In due course, the insurer moved for summary judgment. See Fed. R.
Civ. P. 56. The district court granted this motion, holding that
all the damages described in Barletta's third-party complaint fell
within the compass of the exclusions contained in the CGL
policies.2 B&T Masonry Constr. Co. v. Pub. Serv. Mut. Ins. Co.,
No. 02-10595, slip op. at 10 (D. Mass. Sept. 26, 2003)
(unpublished) (D. Ct. Op.). B&T appeals from this ruling.
We need not tarry. The insuring agreement, section
I(A)(1)(a), provides in pertinent part that Public Service will
"pay those sums that the insured becomes legally obligated to pay
as damages because of . . . 'property damage' to which this
insurance applies." This insuring agreement is, however, subject
to certain so-called "business risk" exclusions.

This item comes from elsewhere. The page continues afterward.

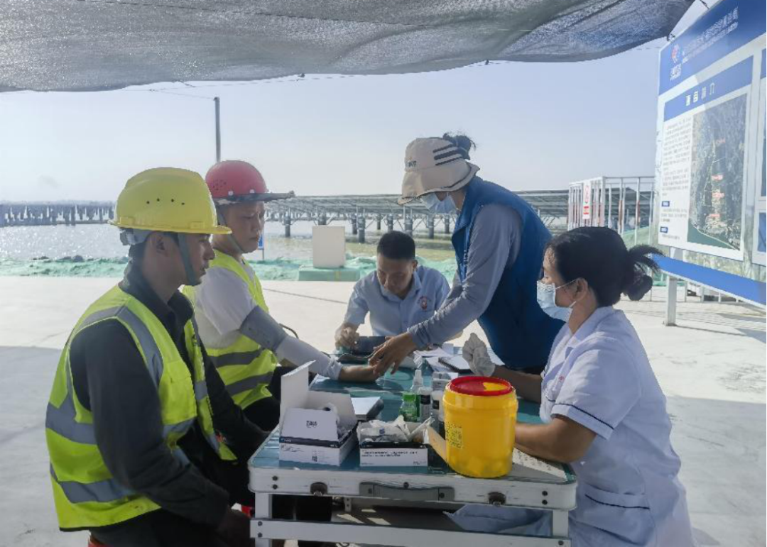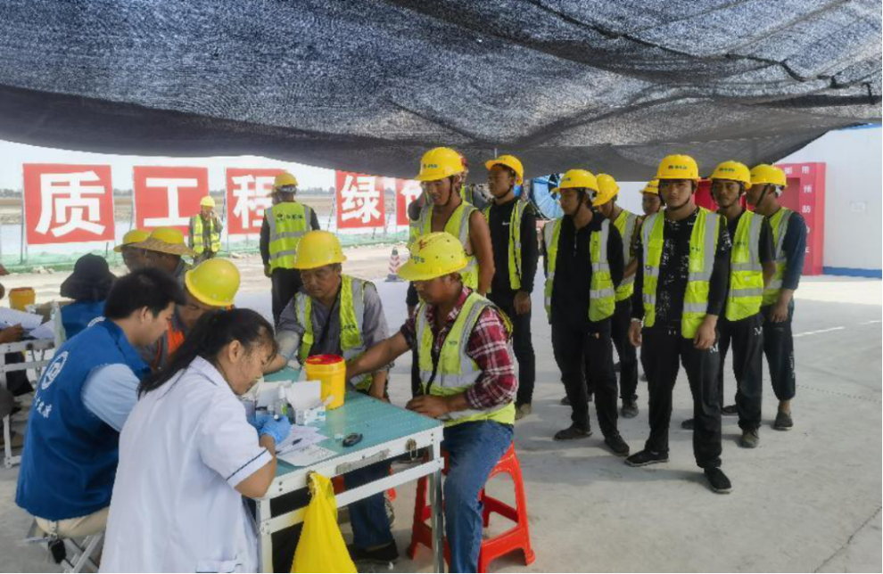 此次体检包括血压、血糖、乙肝抗原检测等内容,医护人员仔细询问工友的身体状况,逐一给出专业建议,同时还科普了防暑降温和暑期防病的健康知识。此次体检活动得到了工友们的一致好评,进一步增强了工友的健康防护意识,提高工友的归属感和幸福感,为项目建设筑牢“健康墙”。
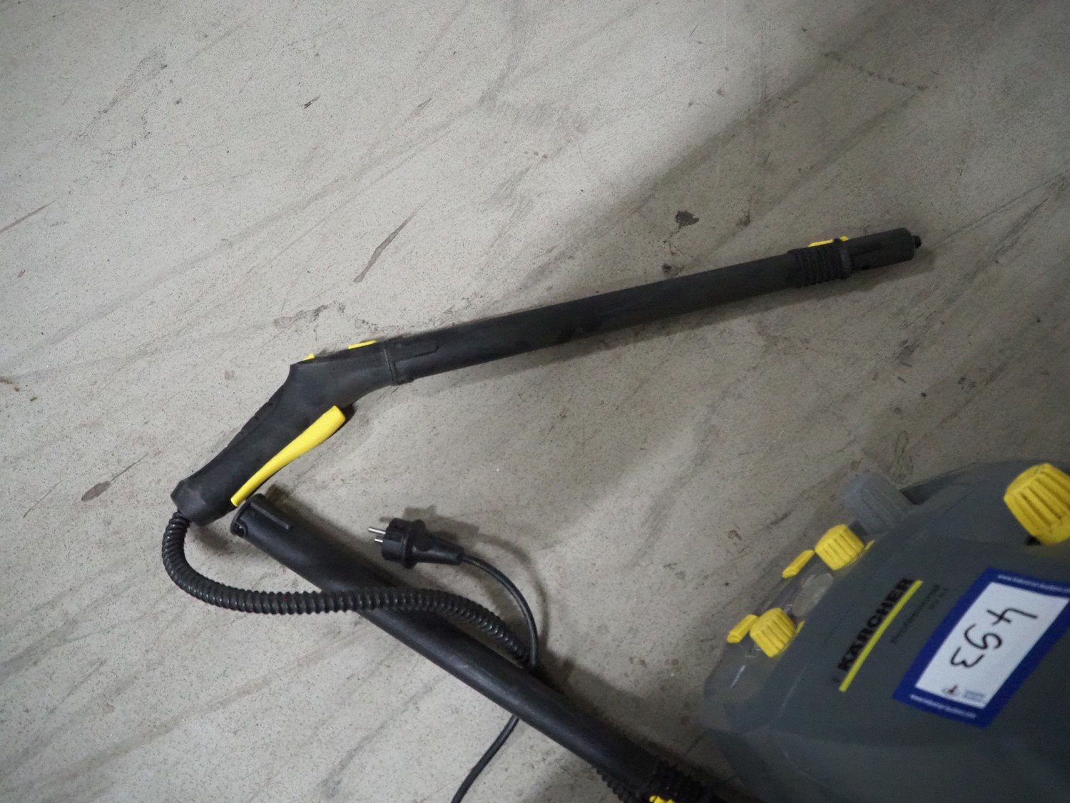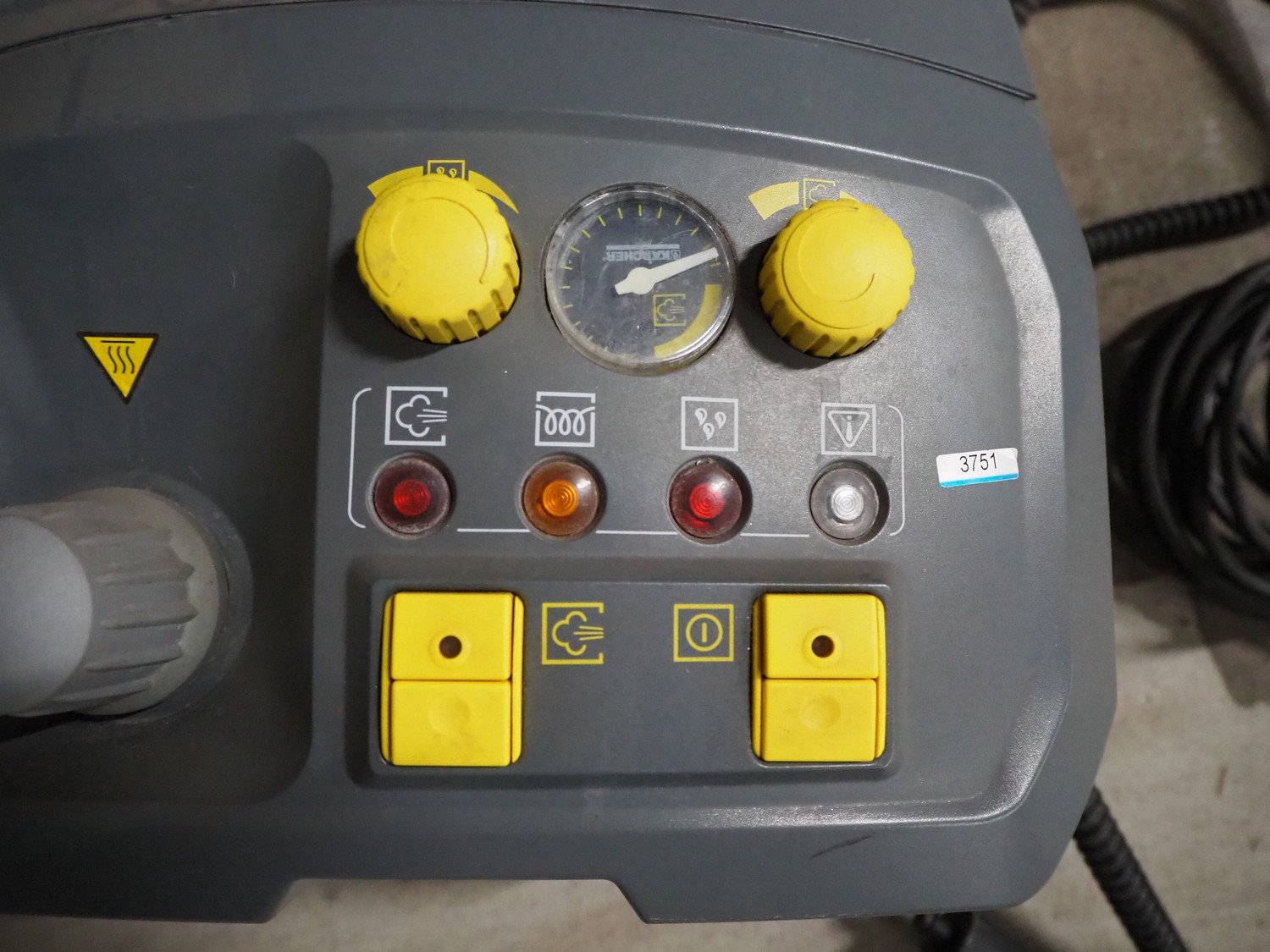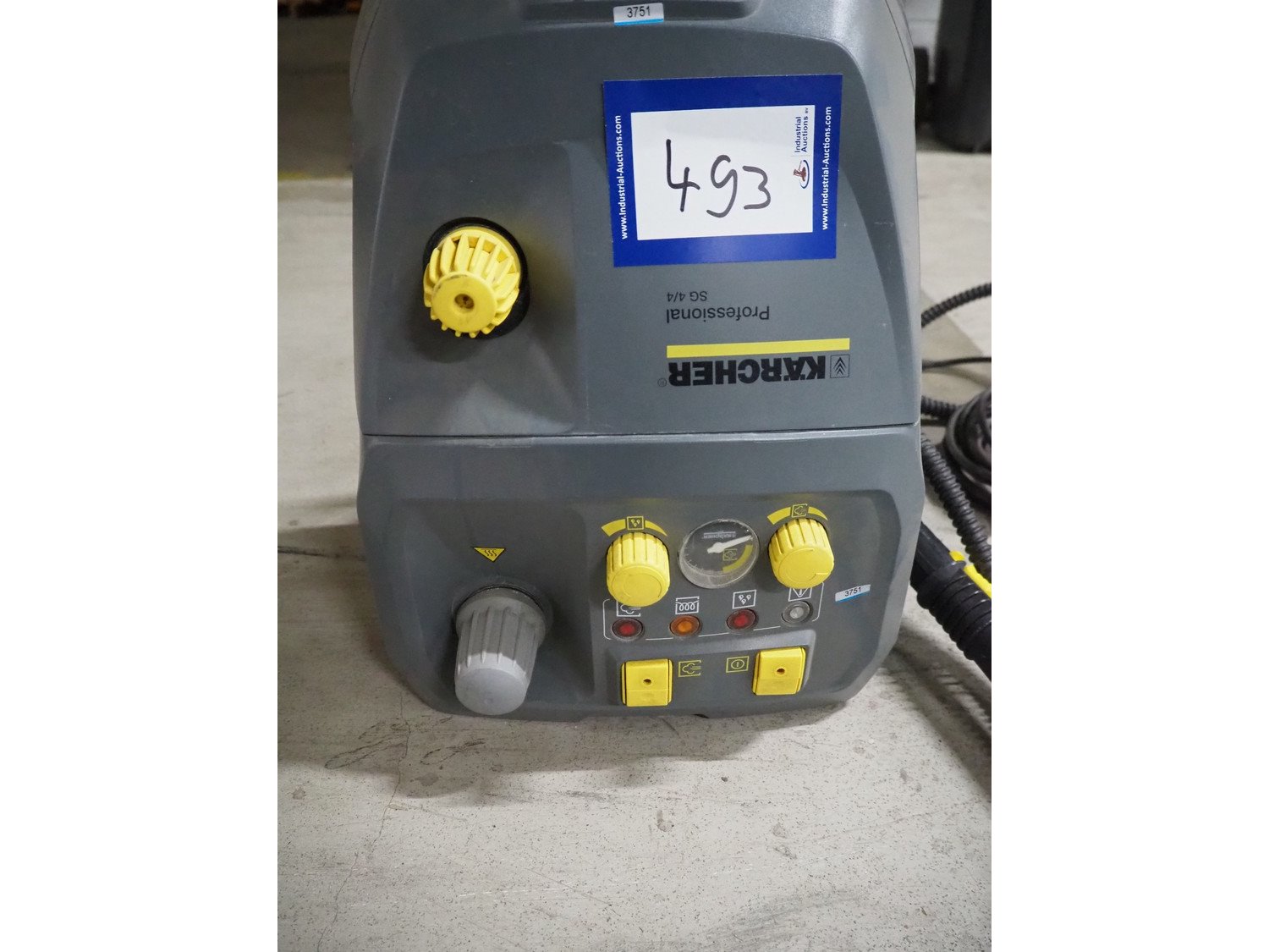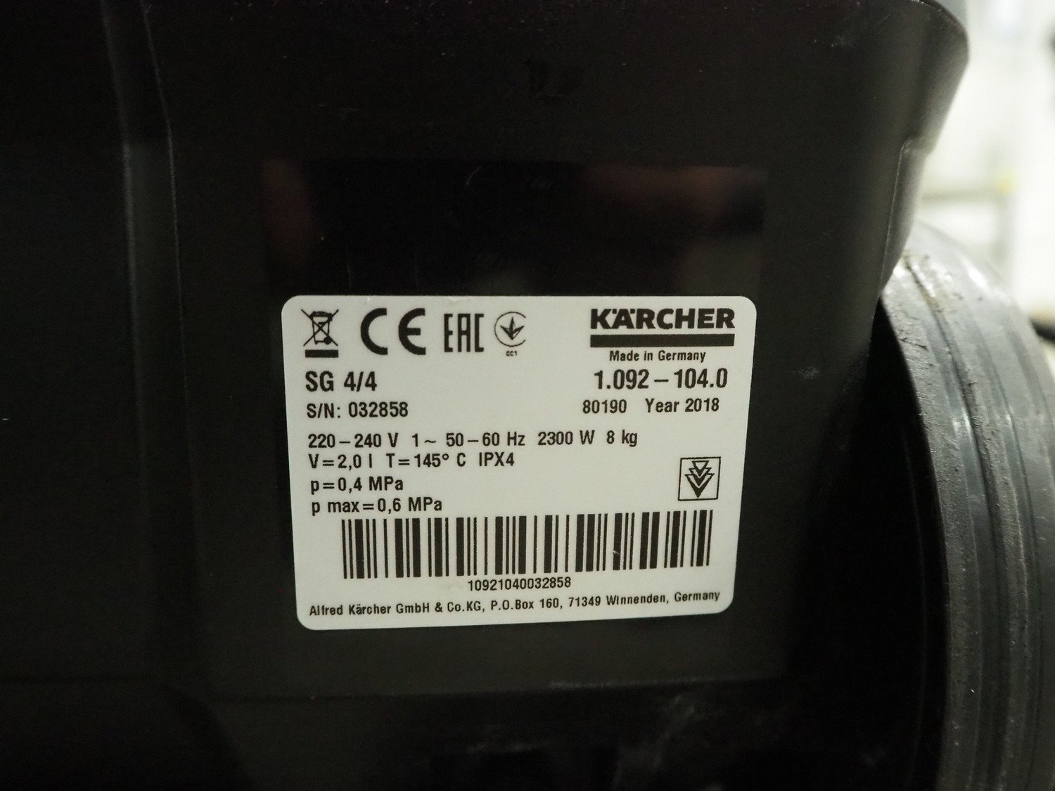 Kärcher steam cleaner, type: SG 4/4, serial number: 032858, year of construction: 2018, 220-240 V, 1 Ph, 50-60 Hz, 2300 W, volume: 2 liter, dimensions: 350 mm x 300 mm x 800 mm.

These include
section I(A)(2)(j)(5) (which excludes coverage for property damage
to "[t]hat particular part of real property on which [the insured]
or any contractors or subcontractors working directly or indirectly
on [the insured's] behalf are performing operations" so long as
2
Because the two policies are substantially identical with
respect to the matters at issue, we hereinafter refer, for
simplicity's sake, only to the first policy.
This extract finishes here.